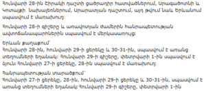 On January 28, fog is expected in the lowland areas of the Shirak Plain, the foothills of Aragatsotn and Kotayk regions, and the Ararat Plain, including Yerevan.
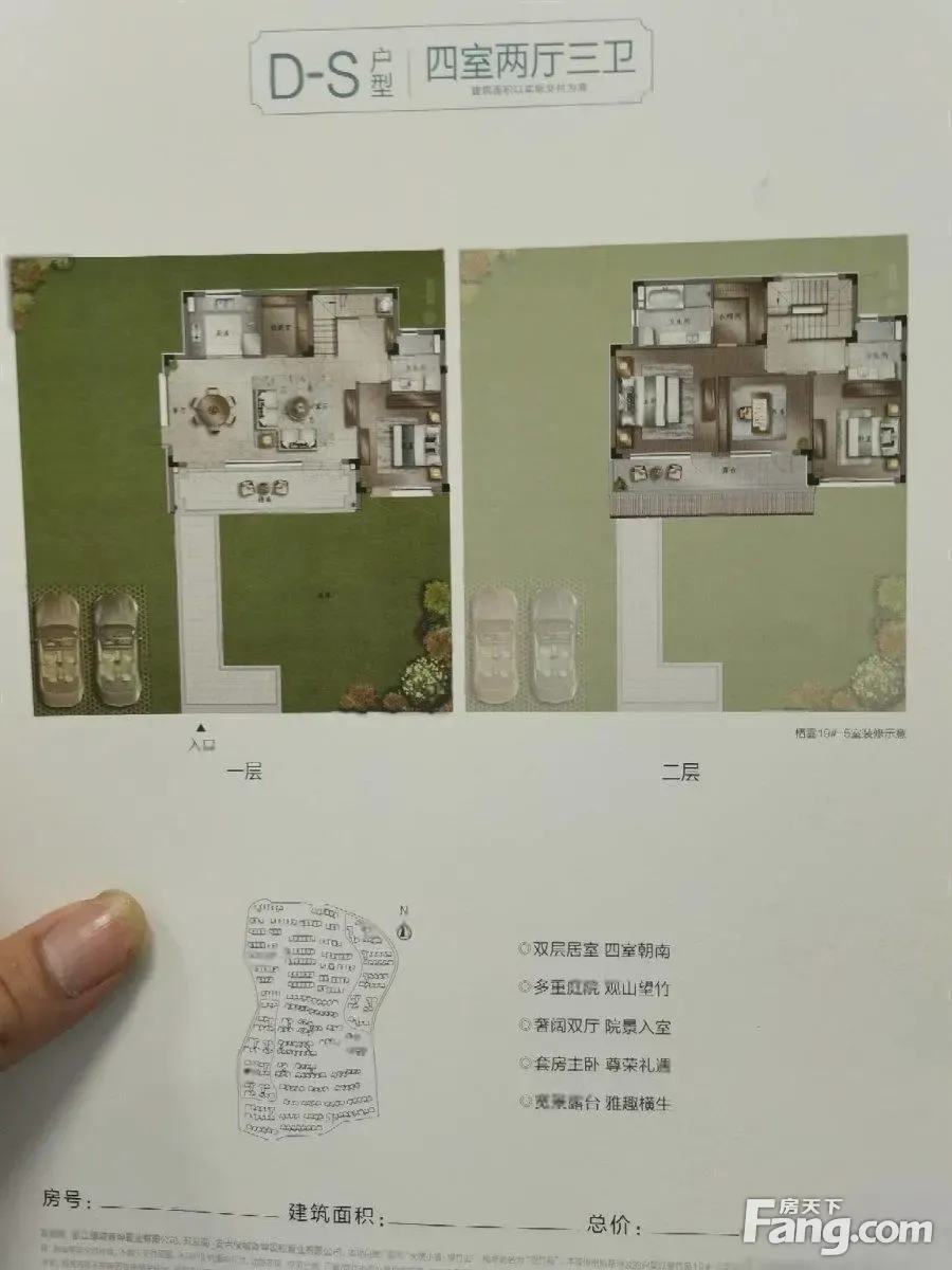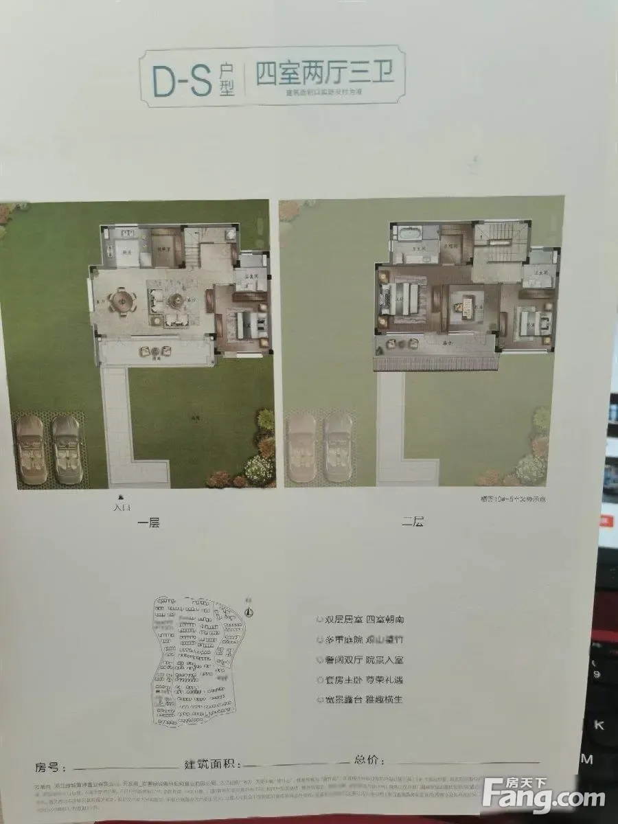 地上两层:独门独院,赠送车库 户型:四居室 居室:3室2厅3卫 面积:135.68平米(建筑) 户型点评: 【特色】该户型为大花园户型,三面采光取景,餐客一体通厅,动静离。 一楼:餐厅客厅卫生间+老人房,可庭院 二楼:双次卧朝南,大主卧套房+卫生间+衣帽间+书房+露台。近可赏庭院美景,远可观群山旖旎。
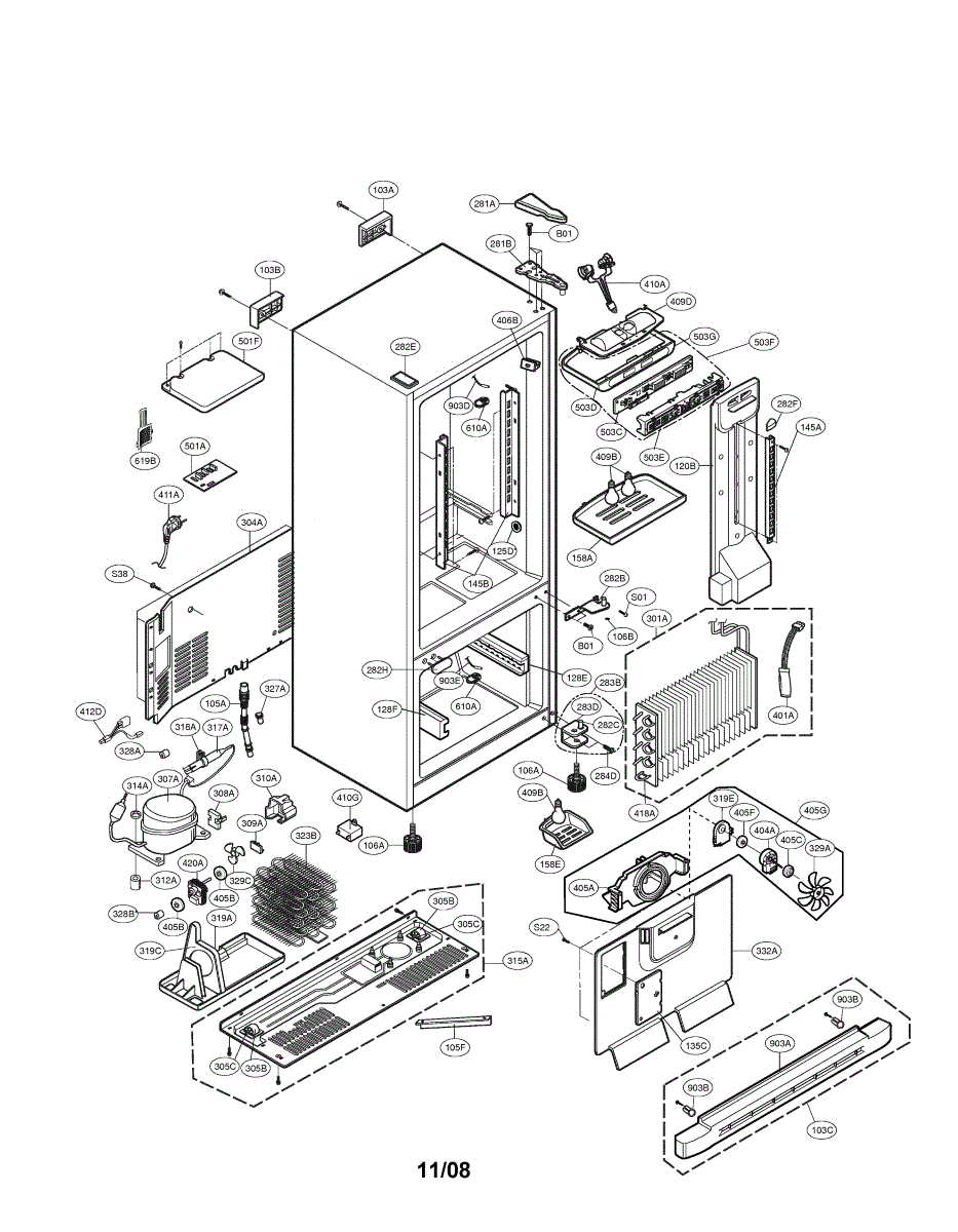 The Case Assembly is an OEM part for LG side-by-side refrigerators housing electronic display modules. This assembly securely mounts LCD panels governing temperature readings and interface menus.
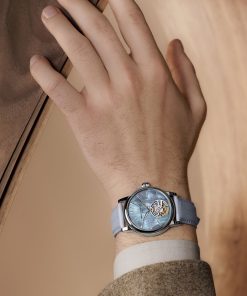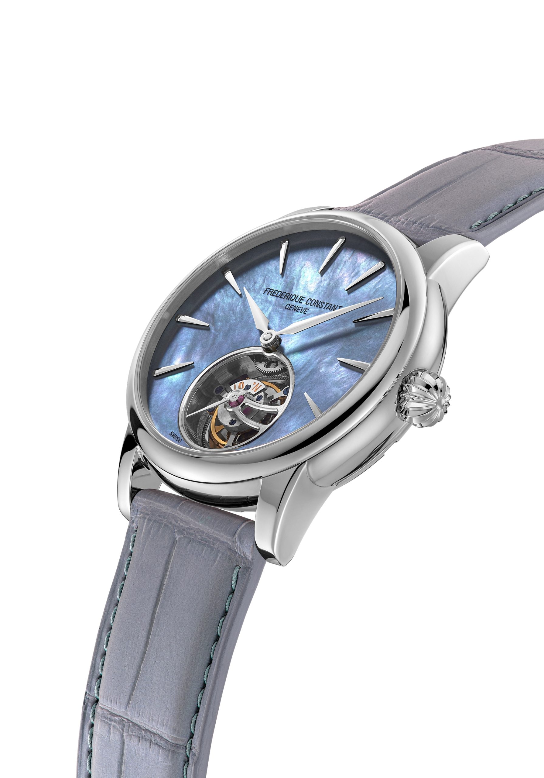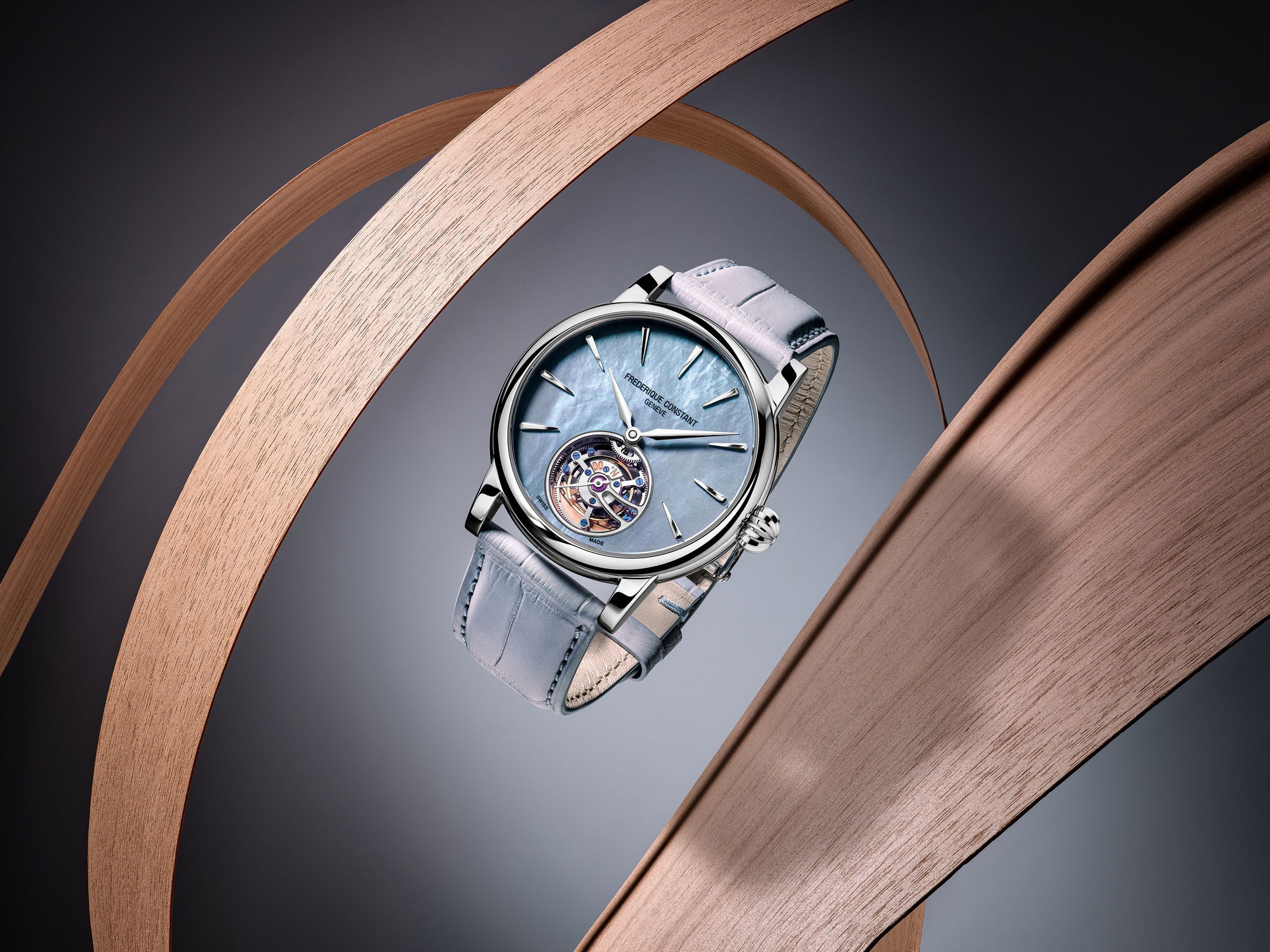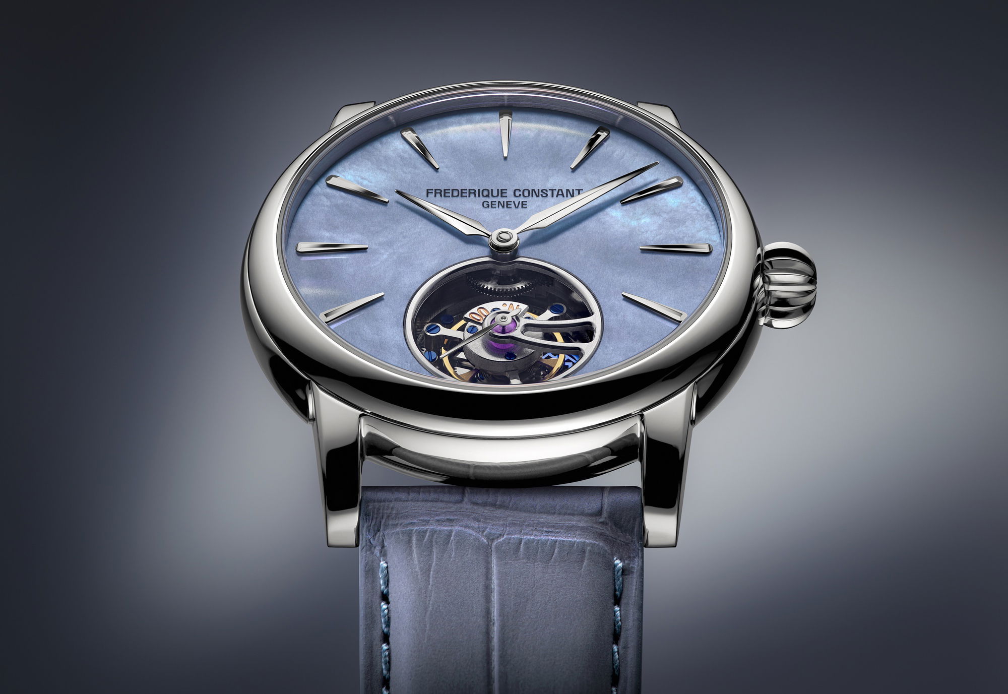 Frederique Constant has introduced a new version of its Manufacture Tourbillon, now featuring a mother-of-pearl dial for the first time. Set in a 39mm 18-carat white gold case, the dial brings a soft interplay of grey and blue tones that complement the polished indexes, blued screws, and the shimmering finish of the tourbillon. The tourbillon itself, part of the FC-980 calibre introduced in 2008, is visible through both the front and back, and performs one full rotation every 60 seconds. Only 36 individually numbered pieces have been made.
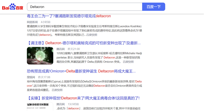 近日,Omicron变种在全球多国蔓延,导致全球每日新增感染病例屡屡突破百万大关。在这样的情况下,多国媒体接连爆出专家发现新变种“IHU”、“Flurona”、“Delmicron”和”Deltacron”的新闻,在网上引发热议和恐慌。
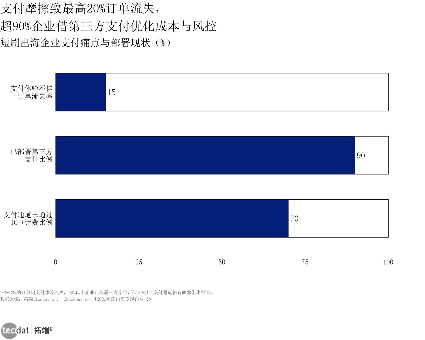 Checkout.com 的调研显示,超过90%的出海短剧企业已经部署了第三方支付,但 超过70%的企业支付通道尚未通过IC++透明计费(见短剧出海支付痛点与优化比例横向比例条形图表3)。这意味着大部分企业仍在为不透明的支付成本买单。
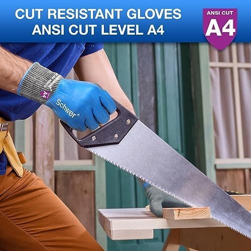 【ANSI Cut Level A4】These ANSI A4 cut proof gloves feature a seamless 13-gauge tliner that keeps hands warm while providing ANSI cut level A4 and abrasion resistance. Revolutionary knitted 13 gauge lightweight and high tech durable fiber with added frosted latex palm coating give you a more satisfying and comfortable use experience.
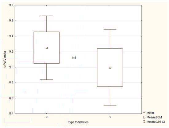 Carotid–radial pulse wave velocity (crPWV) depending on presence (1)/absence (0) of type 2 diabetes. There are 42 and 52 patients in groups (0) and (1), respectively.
* * * *
### [PROBLEM REQUIREMENTS]
Copy out the entries exactly. No pictures.

### [ANSWER TO THE EXERCISE]
 On January 28, fog is expected in the lowland areas of the Shirak Plain, the foothills of Aragatsotn and Kotayk regions, and the Ararat Plain, including Yerevan.
 地上两层:独门独院,赠送车库 户型:四居室 居室:3室2厅3卫 面积:135.68平米(建筑) 户型点评: 【特色】该户型为大花园户型,三面采光取景,餐客一体通厅,动静离。 一楼:餐厅客厅卫生间+老人房,可庭院 二楼:双次卧朝南,大主卧套房+卫生间+衣帽间+书房+露台。近可赏庭院美景,远可观群山旖旎。
 The Case Assembly is an OEM part for LG side-by-side refrigerators housing electronic display modules. This assembly securely mounts LCD panels governing temperature readings and interface menus.
 Frederique Constant has introduced a new version of its Manufacture Tourbillon, now featuring a mother-of-pearl dial for the first time. Set in a 39mm 18-carat white gold case, the dial brings a soft interplay of grey and blue tones that complement the polished indexes, blued screws, and the shimmering finish of the tourbillon. The tourbillon itself, part of the FC-980 calibre introduced in 2008, is visible through both the front and back, and performs one full rotation every 60 seconds. Only 36 individually numbered pieces have been made.
 近日,Omicron变种在全球多国蔓延,导致全球每日新增感染病例屡屡突破百万大关。在这样的情况下,多国媒体接连爆出专家发现新变种“IHU”、“Flurona”、“Delmicron”和”Deltacron”的新闻,在网上引发热议和恐慌。
 Checkout.com 的调研显示,超过90%的出海短剧企业已经部署了第三方支付,但 超过70%的企业支付通道尚未通过IC++透明计费(见短剧出海支付痛点与优化比例横向比例条形图表3)。这意味着大部分企业仍在为不透明的支付成本买单。
 【ANSI Cut Level A4】These ANSI A4 cut proof gloves feature a seamless 13-gauge tliner that keeps hands warm while providing ANSI cut level A4 and abrasion resistance. Revolutionary knitted 13 gauge lightweight and high tech durable fiber with added frosted latex palm coating give you a more satisfying and comfortable use experience.
 Carotid–radial pulse wave velocity (crPWV) depending on presence (1)/absence (0) of type 2 diabetes. There are 42 and 52 patients in groups (0) and (1), respectively.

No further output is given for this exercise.